HerStory

This week’s title has us excited to use it in the classroom: HerStory designed by Nick Bentley, Emerson Matsuuchi, and Danielle Reynolds, published by @underdog.games. HerStory has been on our radar for a while and back in April we were lucky enough to attend a panel starring Matsucchi at the #LITableTopGameExpo in which he dished about designing this and some of his other titles that supercharged our enthusiasm.

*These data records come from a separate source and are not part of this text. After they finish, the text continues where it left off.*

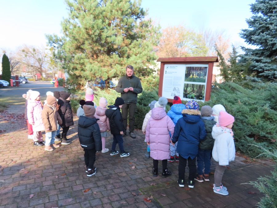 Dziś nasze Misie wybrały się na wycieczkę do Nadleśnictwa. Na miejscu przywitał nas pan leśniczy, który przeprowadził bardzo ciekawą lekcję przyrodniczą o tym, jak zwierzęta przygotowują się do zimy i gdzie spędzają ten chłodny czas. Dzieci dowiedziały się, że niektóre zwierzęta, takie jak niedźwiedzie, jeże czy borsuki, zapadają w sen zimowy, a inne – jak sarny czy lisy – przez całą zimę są aktywne i muszą szukać pożywienia. Pan leśniczy pokazał różne zimowe domy zwierząt, opowiedział, czym się żywią i na jak długo zasypiają. Na zakończenie zajęć misie mogły zadawać pytania i obejrzeć zdjęcia oraz makiety leśnych zwierząt. To była bardzo interesująca i pouczająca wycieczka! ????????❄️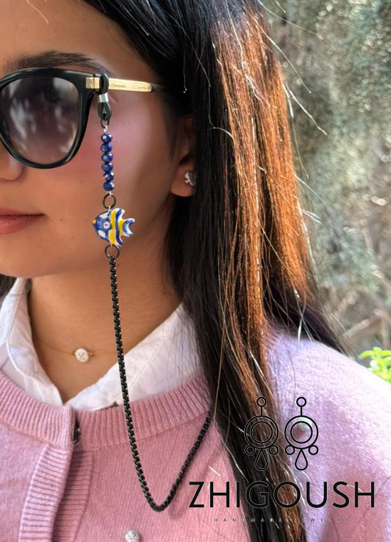 بند عینک سرامیکی ژیگوش، با مهره های مشکی و سرامیک ماهی،زنجیر مشکی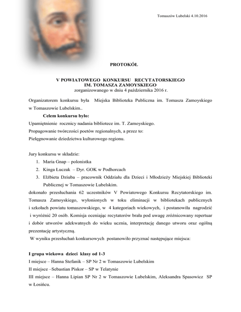 Tomaszów Lubelski 4.10.2016 PROTOKÓŁ V POWIATOWEGO KONKURSU RECYTATORSKIEGO IM. TOMASZA ZAMOYSKIEGO zorganizowanego w dniu 4 października 2016 r. Organizatorem konkursu była Miejska Biblioteka Publiczna im. Tomasza Zamoyskiego w Tomaszowie Lubelskim.. Celem konkursu było: Upamiętnienie rocznicy nadania bibliotece im. T. Zamoyskiego. Propagowanie twórczości poetów regionalnych, a przez to: Pielęgnowanie dziedzictwa kulturowego regionu. Jury konkursu w składzie: 1. Maria Gnap – polonistka 2. Kinga Łuczak – Dyr. GOK w Podhorcach 3. Elżbieta Dziuba – pracownik Oddziału dla Dzieci i Młodzieży Miejskiej Biblioteki Publicznej w Tomaszowie Lubelskim. dokonało przesłuchania 62 uczestników V Powiatowego Konkursu Recytatorskiego im. Tomasza Zamoyskiego, wyłonionych w toku eliminacji w bibliotekach publicznych i szkołach powiatu tomaszowskiego, w 4 kategoriach wiekowych, i postanowiła nagrodzić i wyróżnić 20 osób. Komisja oceniając recytatorów brała pod uwagę zróżnicowany repertuar i dobór utworów adekwatnych do wieku ucznia, interpretację danego utworu oraz ogólną prezentację artystyczną. W wyniku przesłuchań konkursowych postanowiło przyznać następujące miejsca: I grupa wiekowa dzieci klasy od 1-3 I miejsce – Hanna Stefanik – SP Nr 2 w Tomaszowie Lubelskim II miejsce –Sebastian Piskor – SP w Telatynie III miejsce – Hanna Lipian SP Nr 2 w Tomaszowie Lubelskim, Aleksandra Spasowicz SP w Łosińcu. Wyróżnienia 1. Antoni Grząśko – SP w Rachaniach 2. Karolina Malinowska – SP Nr 3 w Tomaszowie Lubelskim 3. Amelia Głowacka – SP Nr 2 w Tomaszowie Lubelskim II grupa wiekowa dzieci klasy od 4 do 6 I miejsce – Aleksandra Kowalik – SP w Majdanie Sopockim II miejsce – Aleksander Matuszek – SP w Krynicach, Jakub Tkaczuk – SP w Przewalu III miejsce – Nikola Rak SP Nr 2 w Tomaszowie Lubelskim, Gabriel Buczak –SP Nr 3 w Tomaszowie Lubelskim Wyróżnienia Julia Moskwa – SP w Machnowie Nowym, Gabriela Bojko – SP w Łuszczaczu III grupa wiekowa młodzież klasa 1-3 gimnazjum I miejsce – Katarzyna Cepil - Tarnawatka II miejsce – Szymon Kuśmierczuk – Bełżec, Ewelina Łasocha Susiec III miejsce – Emilia Obirek – Susiec, Sandra Litwińczuk,- Tarnawatka, Kacper Litwińczuk Tarnawatka. Nagrody książkowe dla laureatów ufundowało Starostwo Powiatowe. Laureatom gratulujemy sukcesu i zachęcamy do dalszego rozwijania talentów. Wszystkim uczestnikom i ich opiekunom i nauczycielom serdecznie dziękujemy za zainteresowanie poezją, wkład pracy oraz kultywowanie tradycji i kultury regionalnej. Przywołując pisarzy i poetów ziemi zamojskiej należącej niegdyś do Ordynacji Zamoyskiej oddaliście hołd jednemu z wielkich z tego rodu, patronowi biblioteki miejskiej Tomaszowi Zamoyskiemu. Życzymy wszystkim kontynuowania przygody z poezją i serdecznie zapraszamy na kolejne edycje konkursu. Podpisy Jury: 1……………… 2……………... 3……………..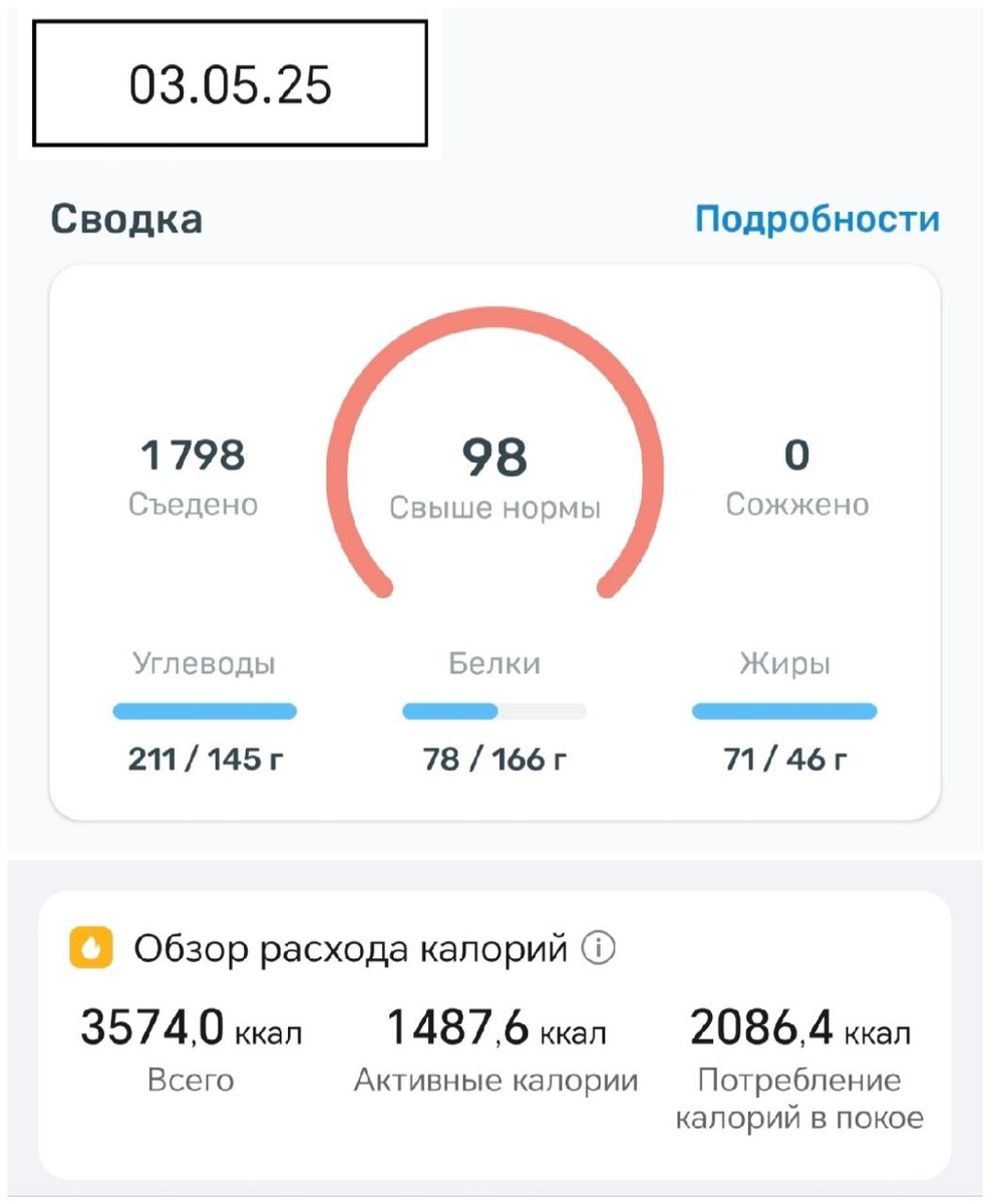 *️⃣Цифра "осталось" на фото - это сколько ещё можно съесть, чтобы выйти в 0 за день. Но мы будем считать дневной расход в покое по цифре, которую выдают весы. Мне кажется, что весы учитывают больше параметров и там цифра расхода калорий в покое точнее.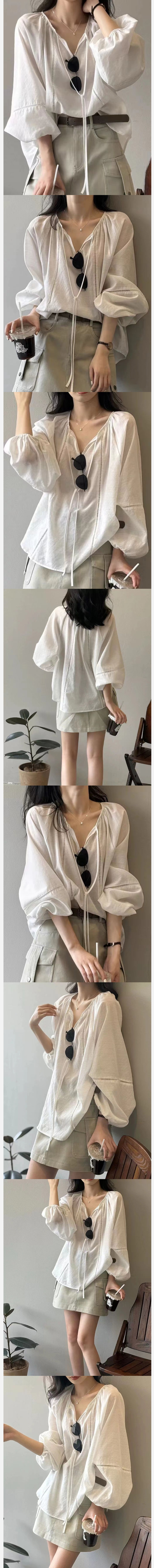 ALORA 袖口簍空棉麻上衣,ALORA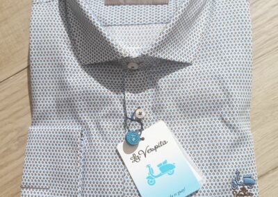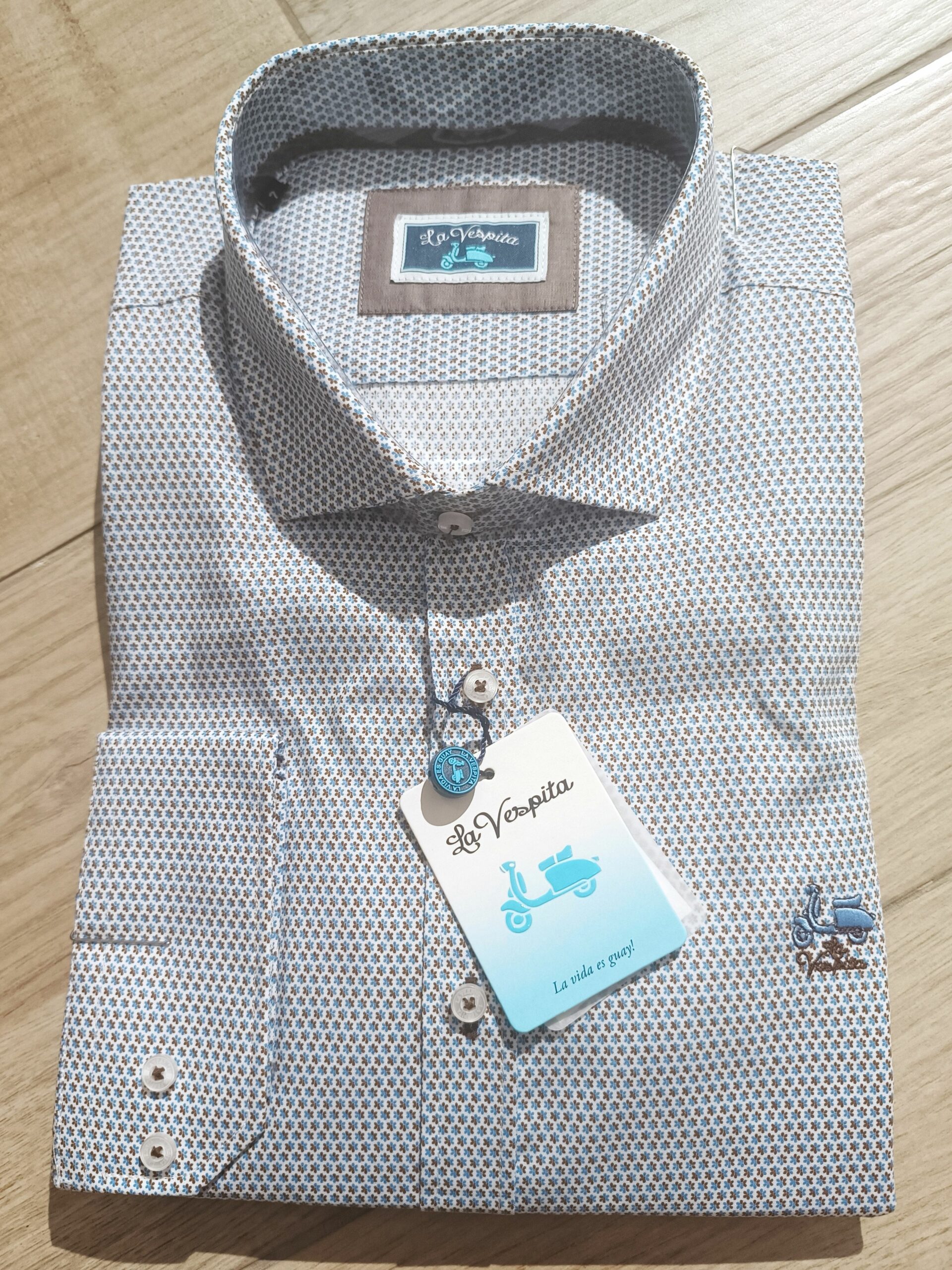 Camisa manga larga de la marca La Vespita con estampado multicolor. Hecho en España.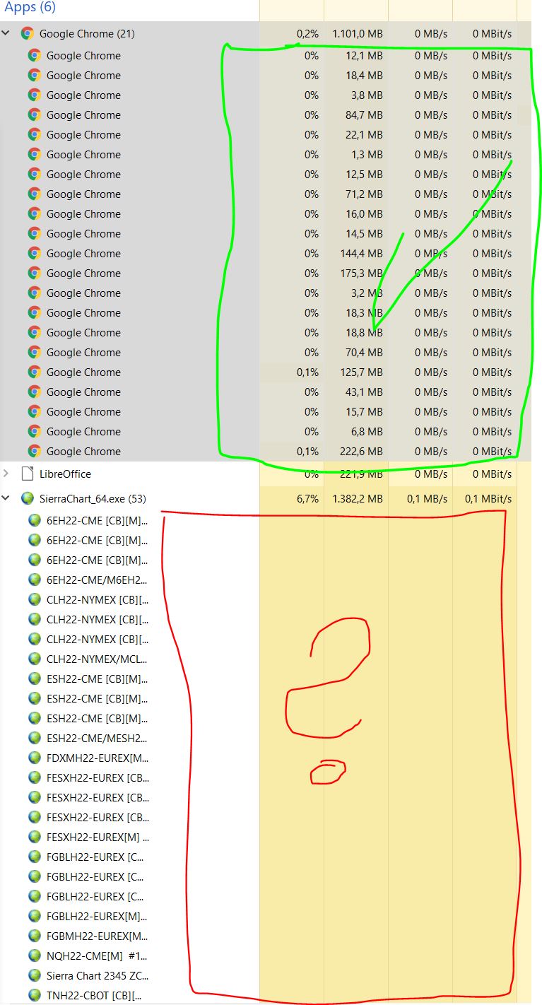 You have the time. I am already on version 2348. The next question: That's the only thing I can do here, all other data/settings are compared with live users and there are significant performance losses in this delayed sim trading vs. the live trading of other users: I can see no sup-prosesses in the windows task-manager for SC (sim account with delayed Denali) - see attachment. Is this a normal behaviour? If not, how can I change this! Here is the link to the video for the the above mentioned test: OK. I have done all my tests on sim. I compared the performance with my delayed sim trading with another trader who uses SC live. All settings for SC have been coordinated beforehand so that we have the same test conditions in all settings. Both use the same data feed. We added an ES dom to him and an ES dom to mine. The two videos then merged together. The result: Compared to my sim doms, however, the live dom is faster, which means that the number changes come faster and the transitions from price to price are smoother and more precise. In sim trading, the cumulative last price jumps from one price to another as described above. The dom skip about prices. The differences are there even if only one dom chart is open. From the above result, the question arises: Are there performance differences between delayed sim trading and live trading? In the vid you see 4 doms. You can see for all 4 doms the LAST Cummulative Price. On the left side is the dom from the live trader with one instance and over 200 charts. On the right side are 3 doms overlaped from my delayed 3 SC instances. The second of the 4 doms from the left has 84 charts in its instance. The third dom has 4 charts in the instance. The right dom runs alone on an instance. The last three doms run on a PC and are the sim delayed doms. All instances has the same global und chart settings. https://drive.google.com/file/d/1wijiGIMNS8ebXMyTIcJXEasK4AYZPobr/view?usp=sharing My planned setup is: - Plateform: Sierra Chart - Data Feed: Denali for EUREX, CME - CQG order-routing The problem is, if I go live with this performance (sim delayed with Denali data feed) on an AMD 2700X PC (16 treats), the CPU is used at 7% with an instance and 84 charts, then my trades will fly in my face. Regards, DiWi Date Time Of Last Edit: 2022-01-21 10:40:45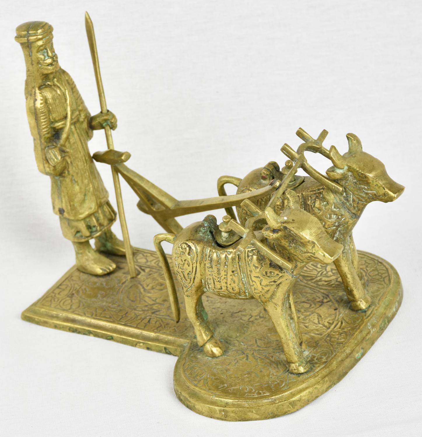 CALAMAIO IN BRONZO raffigurante un contadino con armenti e aratro Oriente,...

This game seems tailored for use in English and social studies courses. The game features simple open drafting and set collection mechanisms that make it easy to pick up. Where this game shines is the Chapter Cards - each spotlighting a remarkable woman from history. Every Chapter Card has a stunning portrait of a famous woman, and on the card’s reverse is a brief biography and “did you know?” fact about her. The information is concise and digestible, and could serve as a model for students in grades 6-8. It would be a neat assignment to have students research women not featured in the game and generate their biographies. At the higher levels, educators might make use of the game’s research tokens. These tokens feature symbols that represent reading, thinking, interviewing, and searching. With a little creativity these could be transformed into criteria for a deeper research project. Perhaps students write a deep dive on figures from the game or research a new candidate to recommend by citing what experts have written about her (reading), evaluating her contributions to history (thinking), quoting interviews from or about her (interviewing), and researching her influence (searching).

One potential drawback is that there is little just-in-time learning - students are not necessarily learning to research while playing this game. However, we are confident that a teacher could (and should) use this game as a tool for engagement and viable research projects.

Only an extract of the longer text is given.